• [Brief]: Reproduce the listing in full, exactly as written, but without images.

==============================

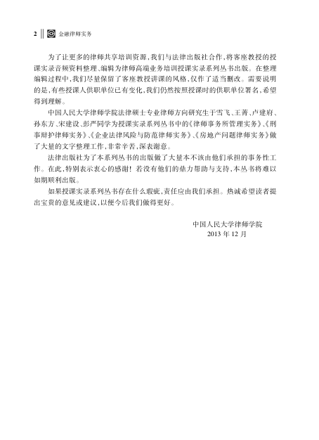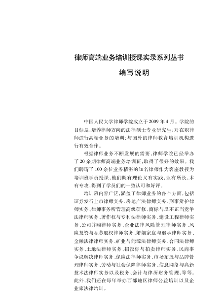 本书源自中国人民大学律师学院高端律师培训课程的授课实录,聚焦金融法律领域的实务操作。内容由一线知名律师亲身讲授,涵盖金融律师日常工作中的核心议题,兼具理论深度与实践指导价值。作为“律师高端业务培训授课实录系列丛书”之一,本书保留了授课语言的生动性与逻辑脉络,适合在职律师、法务人员及法律专业学生阅读学习。通过真实案例与实务经验的分享,帮助读者快速掌握金融法律服务的关键技能。资源珍贵,值得收藏。
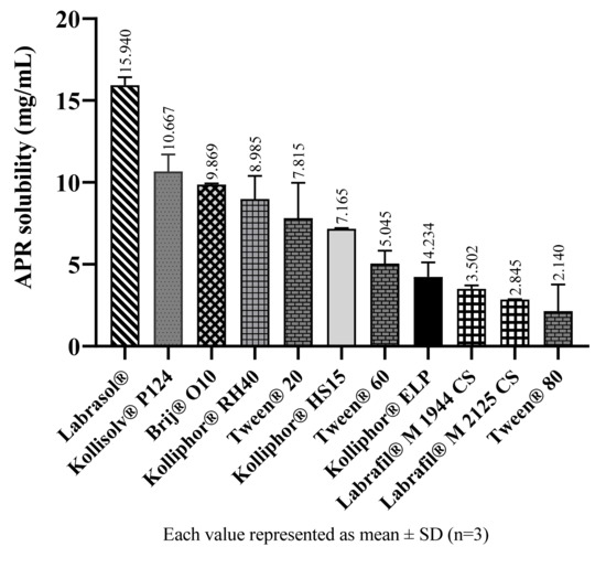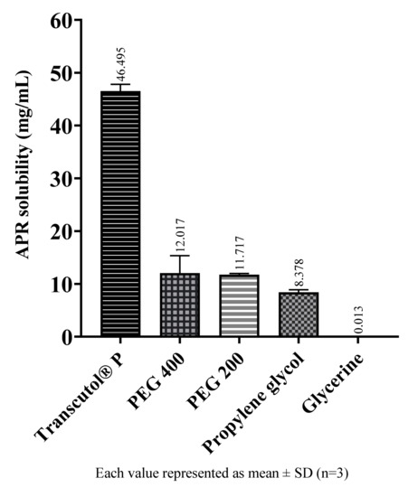 The solubility of APR in cosolvents are shown in Figure 3. Among the cosolvents, Transcutol® P dissolves a much more amount of APR than the others. Transcutol® P is a known excipient and is frequently used as a cosolvent since it is a capable solubilizer for many drugs with low water solubility.
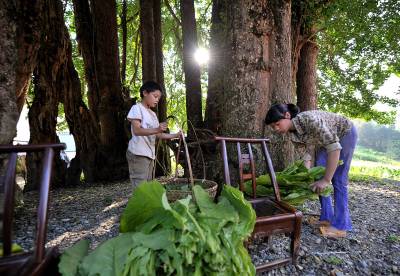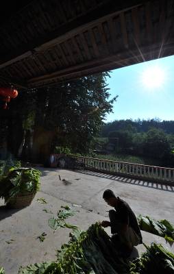 3日,住在宣恩县珠山镇茅塘村的一棵古银杏树边的农民在打理自家的烤烟。据专家介绍,这棵古银杏树树龄有1500年以上,母树遭雷击后,树干四周生长出17株高20-30米的”小树”将母树团团包围,当地人称之为”九子抱母”,树的胸径约6米,树基围径约18米,堪称”独木成林”,被专家称为”中华银杏第一奇观”。本报视界网宋文摄
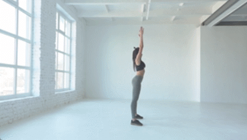 바닥에 서서 다리는 어깨너비보다 넓게 벌리세요. 손을 머리 위로 올립니다. 손을 바닥으로 내리면서 상체를 숙입니다. 엉덩이를 내려서 스쿼트 자세를 만듭니다. 손을 머리 위로 올리세요. 몸일 일으키면서 원래 자세로 돌아옵니다. 1분 동안 진행하세요.
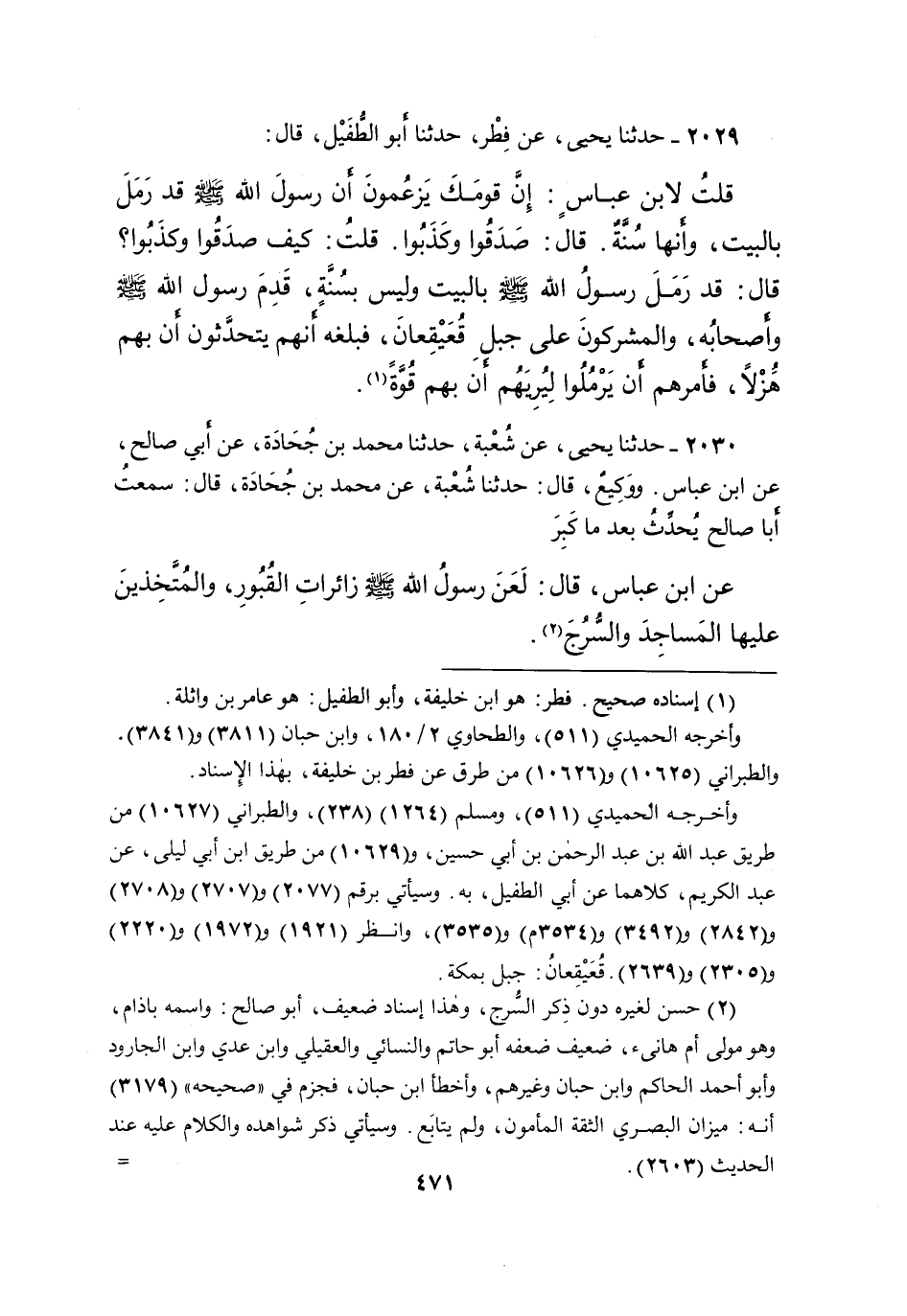 ٢٠٣٠ - حَدَّثَنَا يَحْيَى، عَنْ شُعْبَةَ، حَدَّثَنَا مُحَمَّدُ بْنُ جُحَادَةَ، عَنْ أَبِي صَالِحٍ، عَنِ ابْنِ عَبَّاسٍ، وَوَكِيعٌ، قَالَ: حَدَّثَنَا شُعْبَةُ، عَنْ مُحَمَّدِ بْنِ جُحَادَةَ، قَالَ: سَمِعْتُ أَبَا صَالِحٍ، يُحَدِّثُ - بَعْدَ مَا كَبِرَ - عَنِ ابْنِ عَبَّاسٍ، قَالَ: " لَعَنَ رَسُولُ اللهِ صَلَّى اللهُ عَلَيْهِ وَسَلَّمَ زَائِرَاتِ الْقُبُورِ، وَالْمُتَّخِذِينَ عَلَيْهَا الْمَسَاجِدَ وَالسُّرُجَ " (٢)
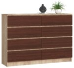 140 cm pločio komoda yra puikus pasiūlymas biure ar didelėje svetainėje. Baldai pasižymi tvirta konstrukcija ir kruopščiu apdirbimu iš geros kokybės medžiagos – 16 milimetrų storio laminuotos plokštės. Tai medžiaga, kuri išsiskiria ilgaamžiškumu ir dideliu atsparumu dilimui. Komodos mūsų internetinėje parduotuvėje yra prieinamos patraukliomis kainomis. Visų pirma orientuojamės į siūlomų gaminių funkcionalumą, todėl siūlome baldą, susidedantį iš net aštuonių erdvių stalčių, judančių ant metalinių ritinėlių kreiptuvų. Komoda skirta montuoti savarankiškai ir jai suteikiama dvejų metų garantija. Tikimės, kad produktas, kuris yra dviejų madingų spalvų derinys, tiks jūsų išdėstymui. – Komoda iš dilimui atsparios laminuotos plokštės – Stalčių fasadai pagaminti iš laminuotos plokštės – Stalčiai juda ant metalinių ritinėlių kreiptuvų – Kraštai padengti ABS apvadu, užtikrinančiu aukštą apsaugą nuo pažeidimų – Savarankiškai surenkama komoda – Instrukcija pridedama – Garantija 24 mėn.
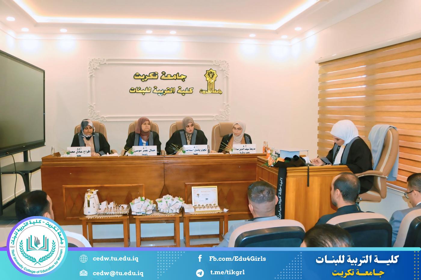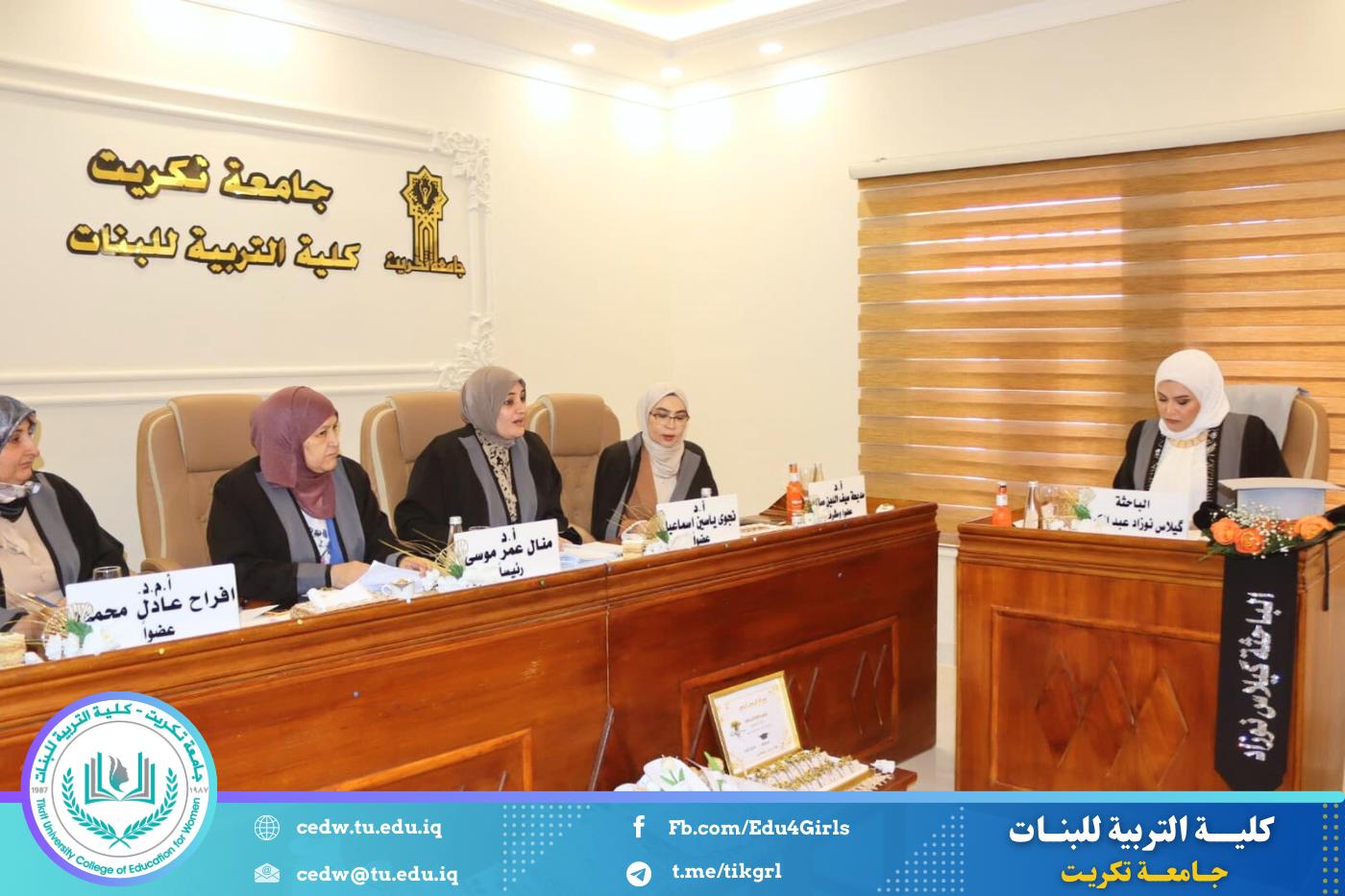 نوقشت في قسم اللغة الإنكليزية بكلية التربية للبنات – جامعة تكريت، صباح يوم الخميس الموافق ٢٨ آب ٢٠٢٥، مناقشة رسالة الماجستير المقدّمة من الطالبة (گيلاس نوزاد عبدالكريم)،

==============================

• [Reply to the task]:
 本书源自中国人民大学律师学院高端律师培训课程的授课实录,聚焦金融法律领域的实务操作。内容由一线知名律师亲身讲授,涵盖金融律师日常工作中的核心议题,兼具理论深度与实践指导价值。作为“律师高端业务培训授课实录系列丛书”之一,本书保留了授课语言的生动性与逻辑脉络,适合在职律师、法务人员及法律专业学生阅读学习。通过真实案例与实务经验的分享,帮助读者快速掌握金融法律服务的关键技能。资源珍贵,值得收藏。
 The solubility of APR in cosolvents are shown in Figure 3. Among the cosolvents, Transcutol® P dissolves a much more amount of APR than the others. Transcutol® P is a known excipient and is frequently used as a cosolvent since it is a capable solubilizer for many drugs with low water solubility.
 3日,住在宣恩县珠山镇茅塘村的一棵古银杏树边的农民在打理自家的烤烟。据专家介绍,这棵古银杏树树龄有1500年以上,母树遭雷击后,树干四周生长出17株高20-30米的”小树”将母树团团包围,当地人称之为”九子抱母”,树的胸径约6米,树基围径约18米,堪称”独木成林”,被专家称为”中华银杏第一奇观”。本报视界网宋文摄
 바닥에 서서 다리는 어깨너비보다 넓게 벌리세요. 손을 머리 위로 올립니다. 손을 바닥으로 내리면서 상체를 숙입니다. 엉덩이를 내려서 스쿼트 자세를 만듭니다. 손을 머리 위로 올리세요. 몸일 일으키면서 원래 자세로 돌아옵니다. 1분 동안 진행하세요.
 ٢٠٣٠ - حَدَّثَنَا يَحْيَى، عَنْ شُعْبَةَ، حَدَّثَنَا مُحَمَّدُ بْنُ جُحَادَةَ، عَنْ أَبِي صَالِحٍ، عَنِ ابْنِ عَبَّاسٍ، وَوَكِيعٌ، قَالَ: حَدَّثَنَا شُعْبَةُ، عَنْ مُحَمَّدِ بْنِ جُحَادَةَ، قَالَ: سَمِعْتُ أَبَا صَالِحٍ، يُحَدِّثُ - بَعْدَ مَا كَبِرَ - عَنِ ابْنِ عَبَّاسٍ، قَالَ: " لَعَنَ رَسُولُ اللهِ صَلَّى اللهُ عَلَيْهِ وَسَلَّمَ زَائِرَاتِ الْقُبُورِ، وَالْمُتَّخِذِينَ عَلَيْهَا الْمَسَاجِدَ وَالسُّرُجَ " (٢)
 140 cm pločio komoda yra puikus pasiūlymas biure ar didelėje svetainėje. Baldai pasižymi tvirta konstrukcija ir kruopščiu apdirbimu iš geros kokybės medžiagos – 16 milimetrų storio laminuotos plokštės. Tai medžiaga, kuri išsiskiria ilgaamžiškumu ir dideliu atsparumu dilimui. Komodos mūsų internetinėje parduotuvėje yra prieinamos patraukliomis kainomis. Visų pirma orientuojamės į siūlomų gaminių funkcionalumą, todėl siūlome baldą, susidedantį iš net aštuonių erdvių stalčių, judančių ant metalinių ritinėlių kreiptuvų. Komoda skirta montuoti savarankiškai ir jai suteikiama dvejų metų garantija. Tikimės, kad produktas, kuris yra dviejų madingų spalvų derinys, tiks jūsų išdėstymui. – Komoda iš dilimui atsparios laminuotos plokštės – Stalčių fasadai pagaminti iš laminuotos plokštės – Stalčiai juda ant metalinių ritinėlių kreiptuvų – Kraštai padengti ABS apvadu, užtikrinančiu aukštą apsaugą nuo pažeidimų – Savarankiškai surenkama komoda – Instrukcija pridedama – Garantija 24 mėn.
 نوقشت في قسم اللغة الإنكليزية بكلية التربية للبنات – جامعة تكريت، صباح يوم الخميس الموافق ٢٨ آب ٢٠٢٥، مناقشة رسالة الماجستير المقدّمة من الطالبة (گيلاس نوزاد عبدالكريم)،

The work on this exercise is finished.